Jovani Furlan in Balanchine's Episodes. Erin Baiano, Courtesy NYCB.

Jovani Furlan Opens Up About His New Life at New York City Ballet

Jovani Furlan is on a roll. Since moving to New York City Ballet from Miami City Ballet last summer, the 26-year-old soloist has stepped into one ballet after another with lightning speed. In the winter season alone, he danced such desirable—and contrasting—roles as the male lead in Jerome Robbins' sensual and summery In G Major, Siegfried in Swan Lake, and the eccentric (and demanding) solo Balanchine created for Paul Taylor in his 1959 ballet Episodes. "We thought his personality and manner would fit really well within the company," says Jonathan Stafford, NYCB's artistic director, of the decision to hire Furlan. That hunch has proven to be spot-on. According to Stafford, "in a very short period, he's become incredibly valuable."

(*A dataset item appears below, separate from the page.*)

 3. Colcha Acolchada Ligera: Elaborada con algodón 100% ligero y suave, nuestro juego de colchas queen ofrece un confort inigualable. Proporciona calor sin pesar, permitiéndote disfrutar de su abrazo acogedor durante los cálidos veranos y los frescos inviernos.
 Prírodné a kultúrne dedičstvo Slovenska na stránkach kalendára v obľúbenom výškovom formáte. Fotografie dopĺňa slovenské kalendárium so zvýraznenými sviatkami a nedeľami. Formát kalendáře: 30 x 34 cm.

The electricity with which Furlan attacks movement first drew the eye of Edward Villella, his onetime mentor at the Miami City Ballet School. But he's not just a firecracker; his dancing has finesse and a bracing clarity as well. Before going to Miami, he studied in his native Brazil, in a school that specialized in Russian technique. Everything changed for him, he says, when he was introduced to the ballets of George Balanchine, whose technique and style underpins the repertories of both MCB and NYCB. "I love dancing Balanchine," Furlan told me in a recent interview during a break in his rehearsal schedule. "It's so right, so musical."

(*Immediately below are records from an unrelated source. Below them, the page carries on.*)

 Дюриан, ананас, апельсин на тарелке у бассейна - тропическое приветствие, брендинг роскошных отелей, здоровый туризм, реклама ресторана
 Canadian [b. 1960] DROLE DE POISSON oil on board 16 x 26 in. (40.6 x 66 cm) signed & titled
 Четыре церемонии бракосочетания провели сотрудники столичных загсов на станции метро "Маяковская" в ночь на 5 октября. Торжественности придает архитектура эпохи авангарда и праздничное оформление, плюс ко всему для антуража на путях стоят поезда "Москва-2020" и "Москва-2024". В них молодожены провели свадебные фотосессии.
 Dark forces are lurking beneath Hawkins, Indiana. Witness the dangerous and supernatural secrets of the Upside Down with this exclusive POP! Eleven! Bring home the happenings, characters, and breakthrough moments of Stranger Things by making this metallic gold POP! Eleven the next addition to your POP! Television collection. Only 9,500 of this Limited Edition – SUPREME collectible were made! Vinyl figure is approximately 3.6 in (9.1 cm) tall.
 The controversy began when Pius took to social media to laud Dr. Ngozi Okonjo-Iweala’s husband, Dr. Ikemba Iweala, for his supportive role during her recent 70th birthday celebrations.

A few weeks ago, we talked about how he's adjusting to life at his new company.

Jovani Furlan, wearing a gray unitard and off-white socks and slippers, stands in attitude crois\u00e9 with his right (standing) leg in pli\u00e9. His right arm is stretched out to the side and his left arm is curved.

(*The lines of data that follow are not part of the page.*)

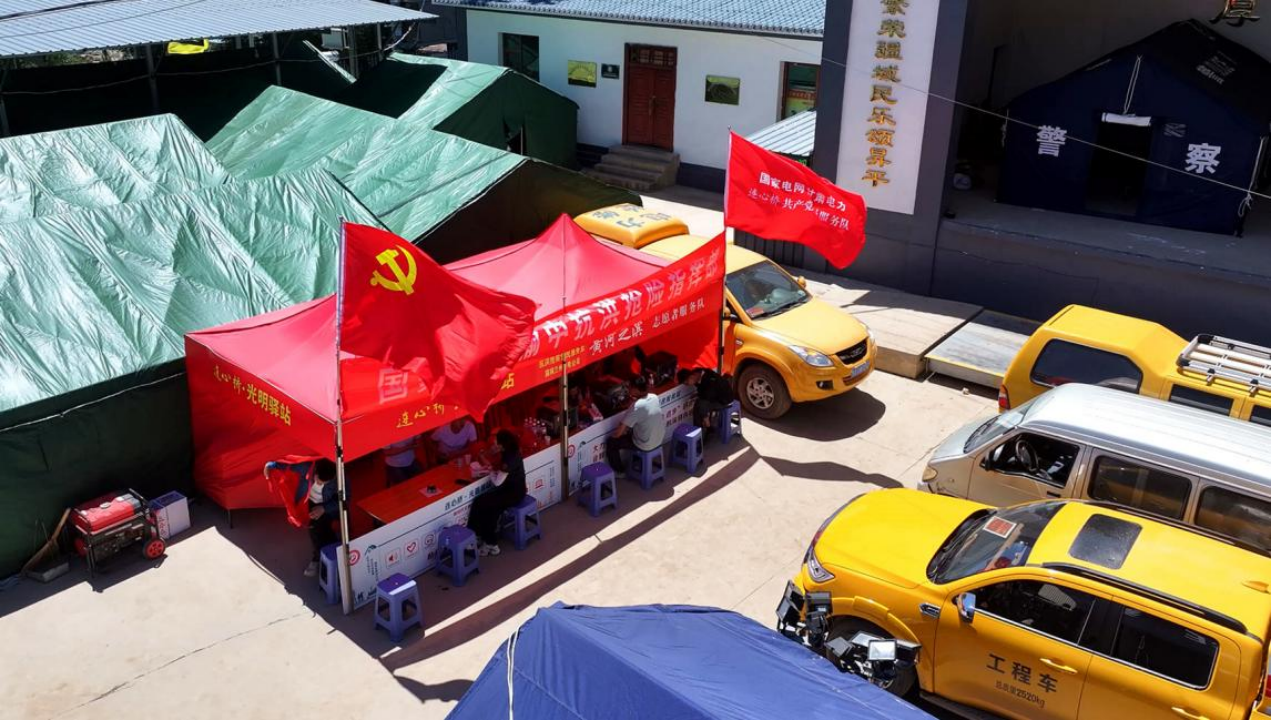 ▲国网兰州供电公司在榆中“8.7”山洪泥石流灾害现场设置“光明驿站”。
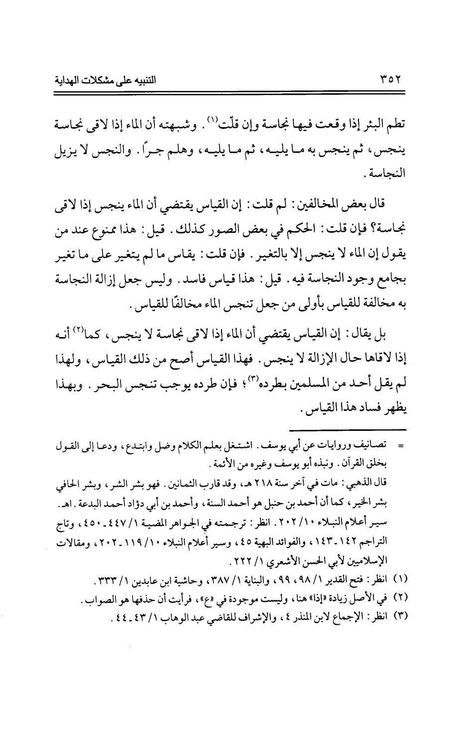 قال بعض المخالفين: لم قلت: إن القياس يقتضي أن الماء ينجس إذا لاقى نجاسة؟ فإن قلت: الحكم في بعض الصور كذلك. قيل: هذا ممنوع عند من يقول إن الماء لا ينجس إلا بالتغير. فإن قلت: يقاس مالم يتغير على ما تغير بجامع وجود النجاسة فيه. قيل: هذا قياس فاسد. وليس جعل إزالة النجاسة به مخالفة للقياس بأولى من جعل تنجس الماء مخالفًا للقياس.
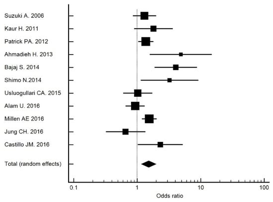 The crude OR for 25(OH)D deficiency (<20 ng/mL) was 2.31 (95% CI: 1.02, 5.22; p = 0.044), which was higher than that recorded in the meta-analysis of Luo et al. [] (OR 2.03) and Zhang et al. []. (OR 1.27). A similar result was obtained in a study performed in China (OR 1.93) []. In our meta-analysis [,,,,,,,,,], which included studies up to 2016 (Figure 2), those studies with a cutoff point of 20 ng/mL had an OR of 1.51 (95% CI: 1.16, 1.97). Therefore, 25(OH)D deficiency was associated with DR. The OR adjusted for risk factors remained at 2.47 (95% CI: 1.07, 5.52) in Model 1.
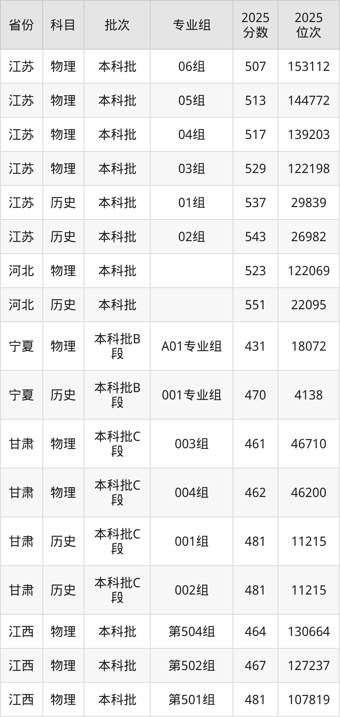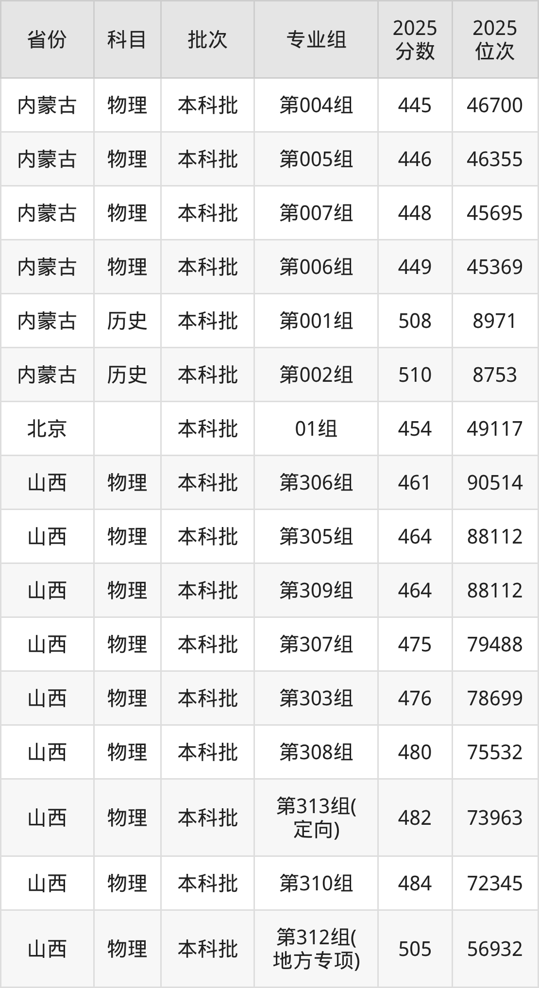 山西农业大学第001组:2025年投档录取最低分为508分,录取最低位次为8971名。

Furlan in Jerome Robbins' Concertino

Erin Baiano, Courtesy NYCB

You've jumped into leading roles in something like 12 ballets since you got here last fall. Did you expect to do so much so soon?

It's been better than anything I could have imagined. I did more shows during the fall season than I would have done in a whole year in Miami.

How do you handle the intensity of the workload?

With a lot of deep breaths. The beginning was hard. We dance so much. I got thrown into a new role in Christopher Wheeldon's DGV: Danse à Grande Vitesse at the last minute. For three days before the show, I would go home with the music, fill a suitcase with whatever I could find in my apartment and do the entire pas de deux, twice, while carrying a suitcase, just to get my stamina where it needed to be. That put me in the right headspace.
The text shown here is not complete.